You know when I found your blog you weren't even allowing comments on half the posts. And most of the comments that you did get was hateful.
I don't know why I just thought of that.....Along with the flamethrower idea. I still can't get that out of my head.
drunkbh -- To be honest, I wasn't allowing comments because I didn't know what the hell I was doing. I had another webpage that no one was reading when a friend suggested I sign up with blogspot so someone might actually read what I wrote.
You were my first reader, and I appreciate that. If it weren't for you, no one would ever have read my blog. I must admit, however, I do miss the hatemail.
Anyway, that whole flamethrower idea was funny, but when you just piss blood instead of pure alcohol, it's difficult to light anything on fire.
Hey Morb- Whats happenning?
Just in the neighborhood fiqured I'd stop by. Party on...
polyman2 -- You know, the usual: stressing over deadlines, drinking myself to sleep every night, and thinking about jumping out of a window. Hope all is well with you. Thanks for stopping by.

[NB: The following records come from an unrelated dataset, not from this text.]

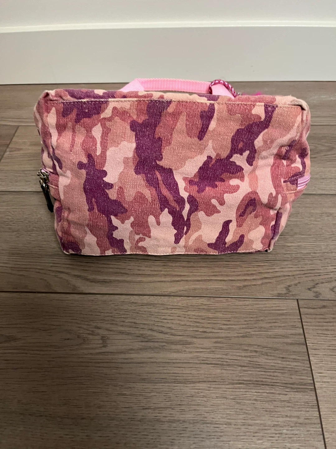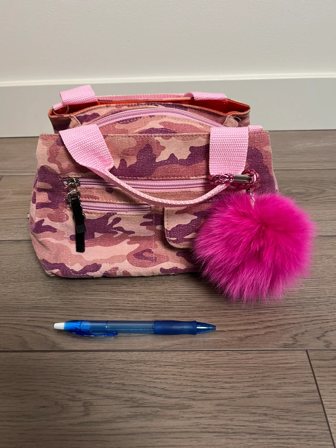 Selling a cute handbag from XX by Mexx! It features a fun pink and purple camo print on the outside and a bright orange interior. It has multiple compartments to keep your things organized and a fun fluffy pink pompom charm.
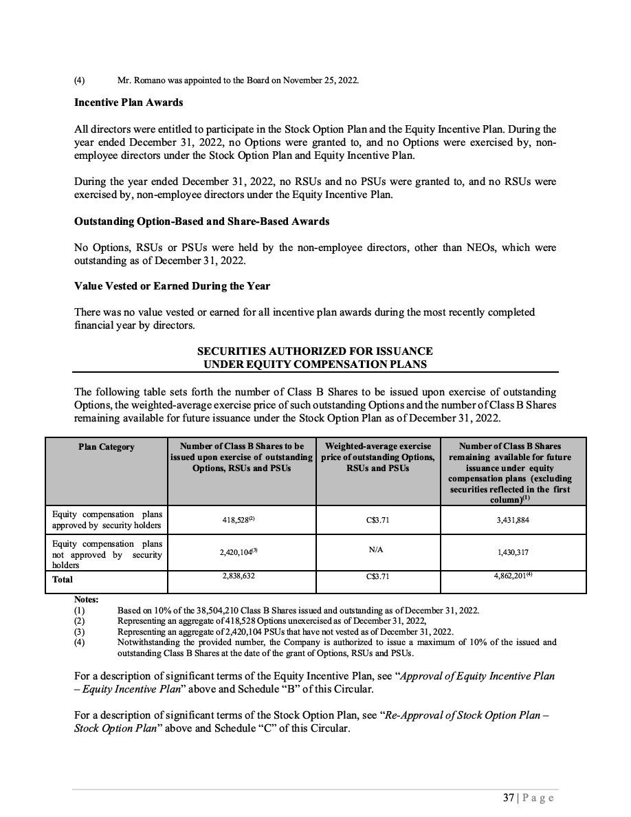 | Equity | Class B Subordinate Voting Shares, no par value | 0.00014760 | |||||
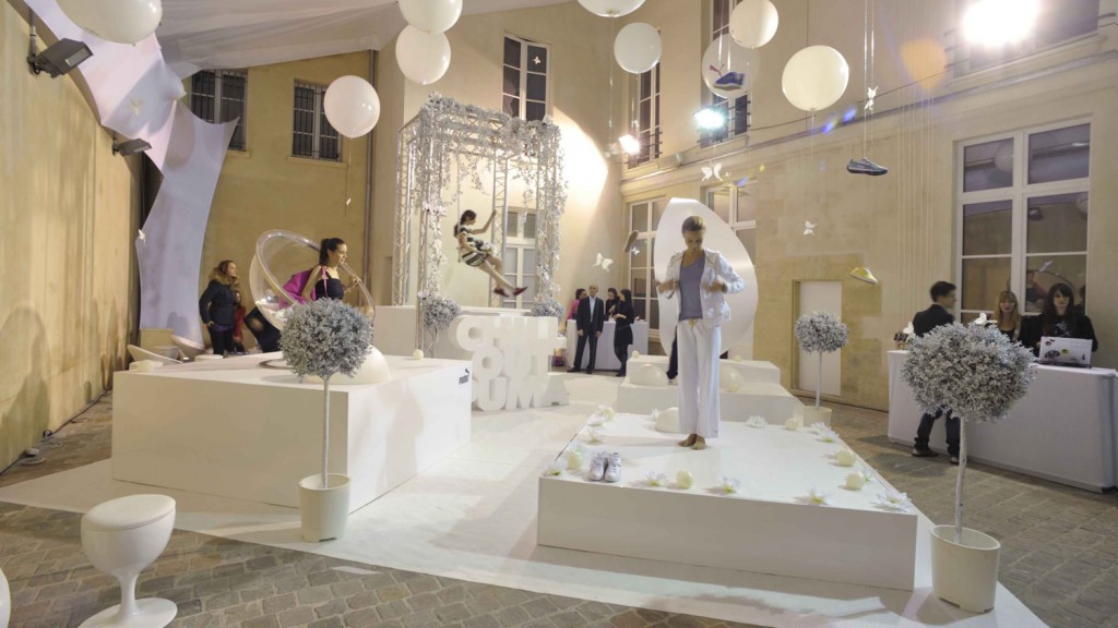 Pour le lancement d’une nouvelle collection PUMA, la société Thomas Marko a mis en valeur la collection vêtements et chaussures dans les différents espaces de la cour du Marais au 81 rue des Archives à Paris.
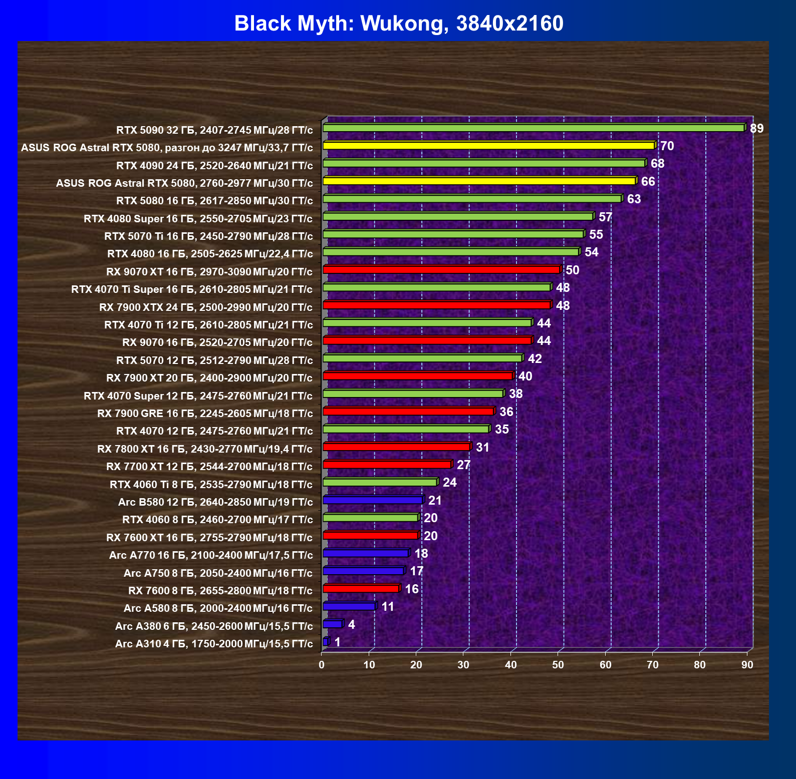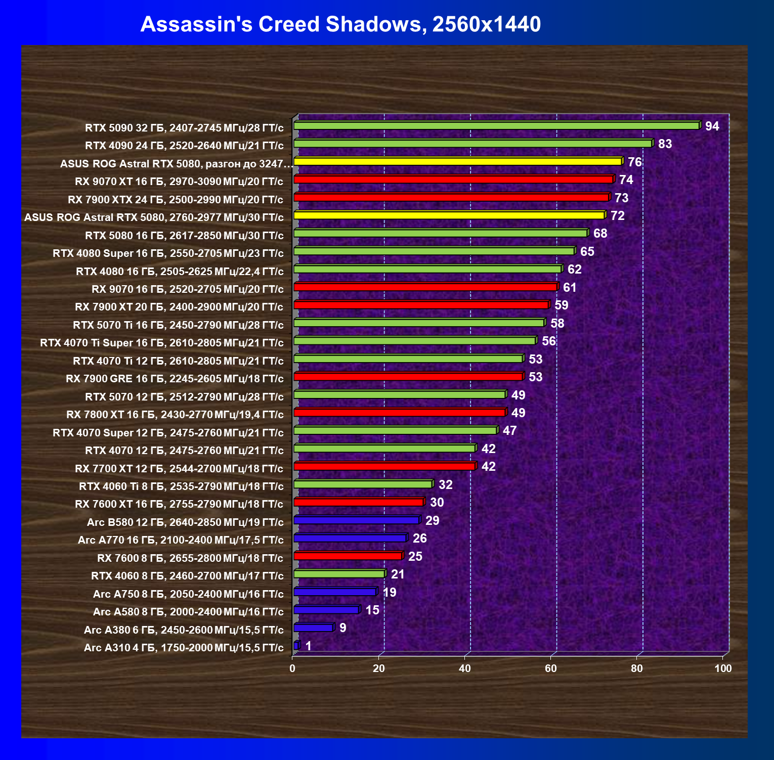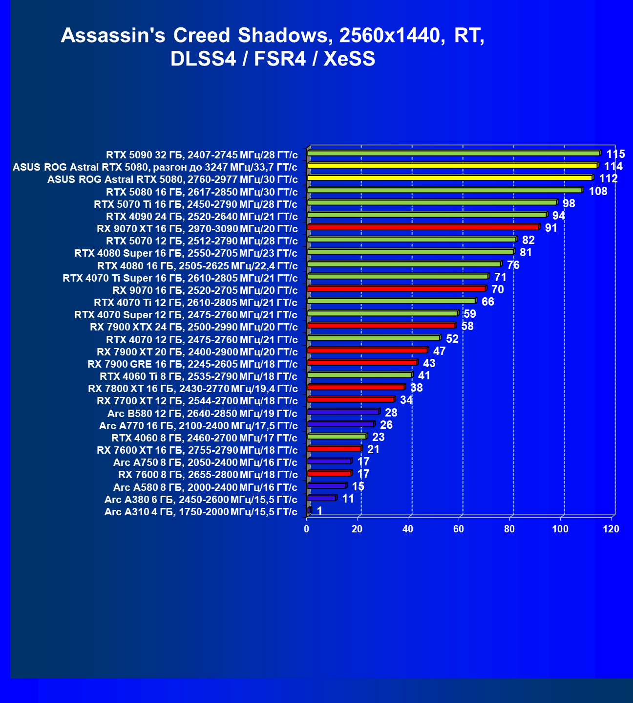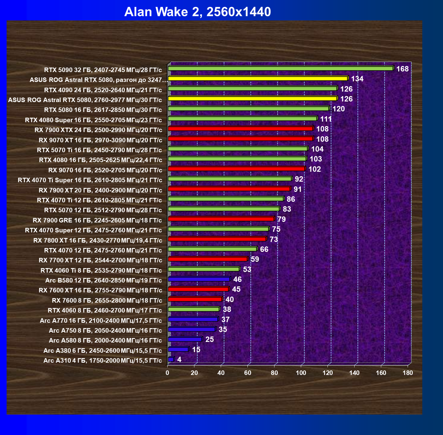 | 03 | Asus ROG Astral RTX 5080, 2760—2977 МГц/30 ГТ/с | 13838 | 769 | 180 000 |
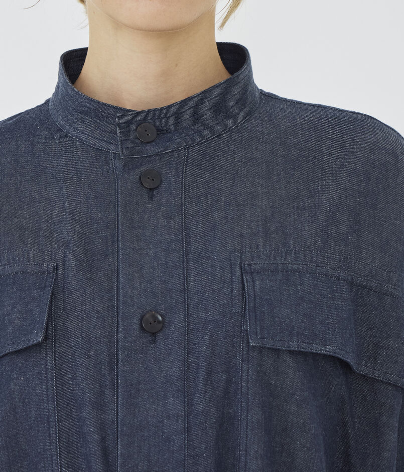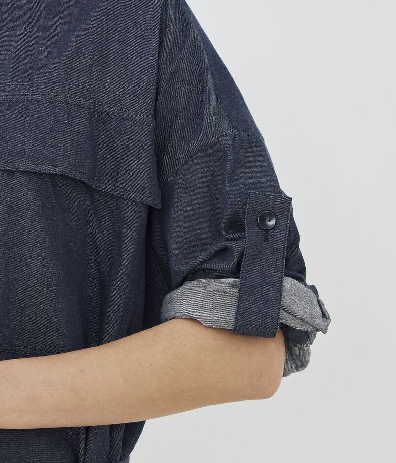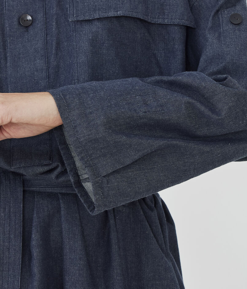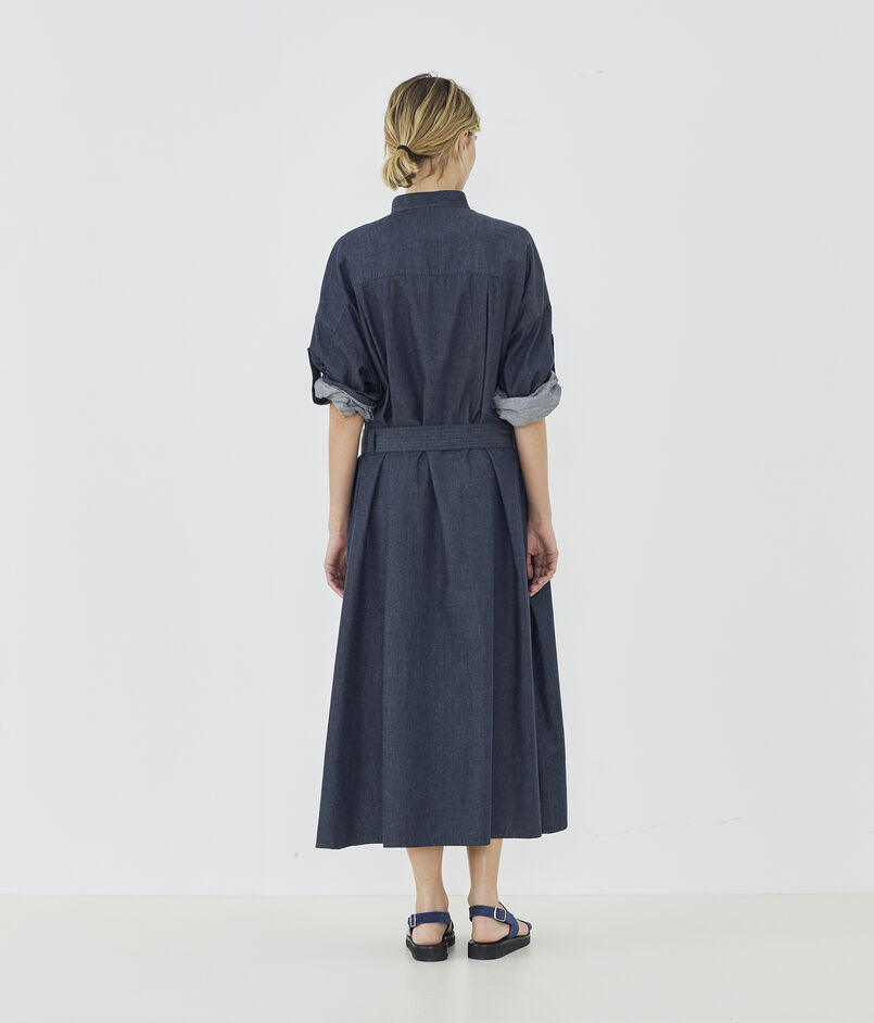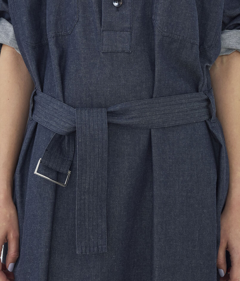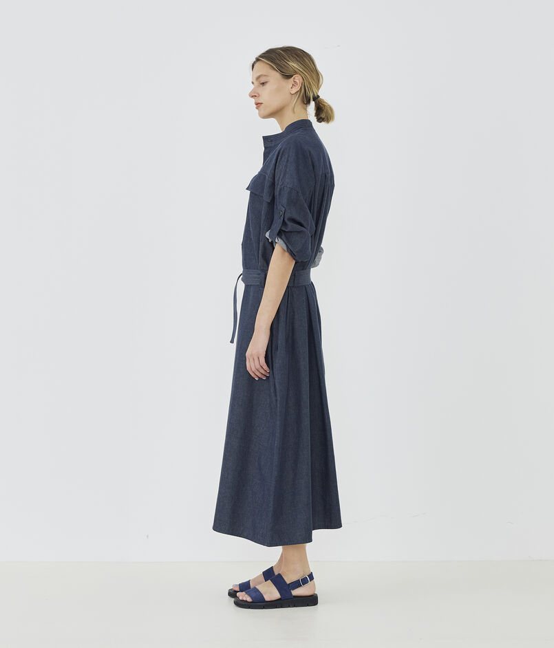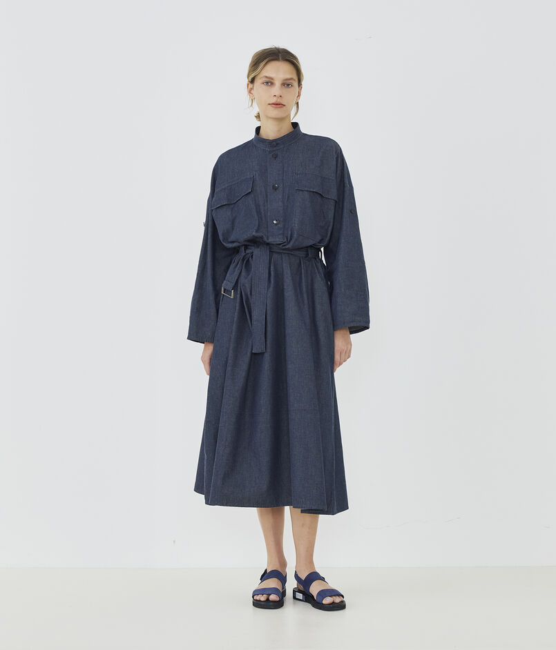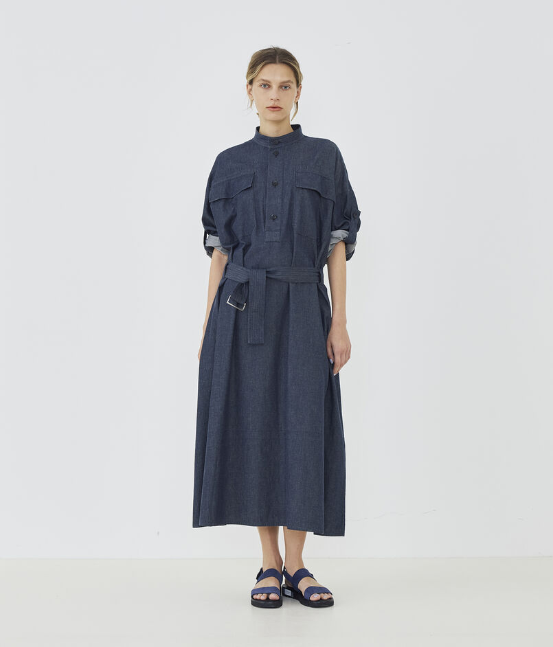 コットンダンガリー ベルテッドシャツワンピース

willow -- Thanks, willow. That reminds me of the time I badmouthed the Adult Swim abomination "Tom Goes to the Mayor." People were livid because I wrote about how shitty their favorite, homoerotic TV show was. They were almost as pissed off as the Muslims were when I called Allah a pig fucker. Fuck 'em if they can't take a joke.
Thanks for the trip down memory lane -- even though my memory lane has been demolished by a tidal wave of cheap alcohol.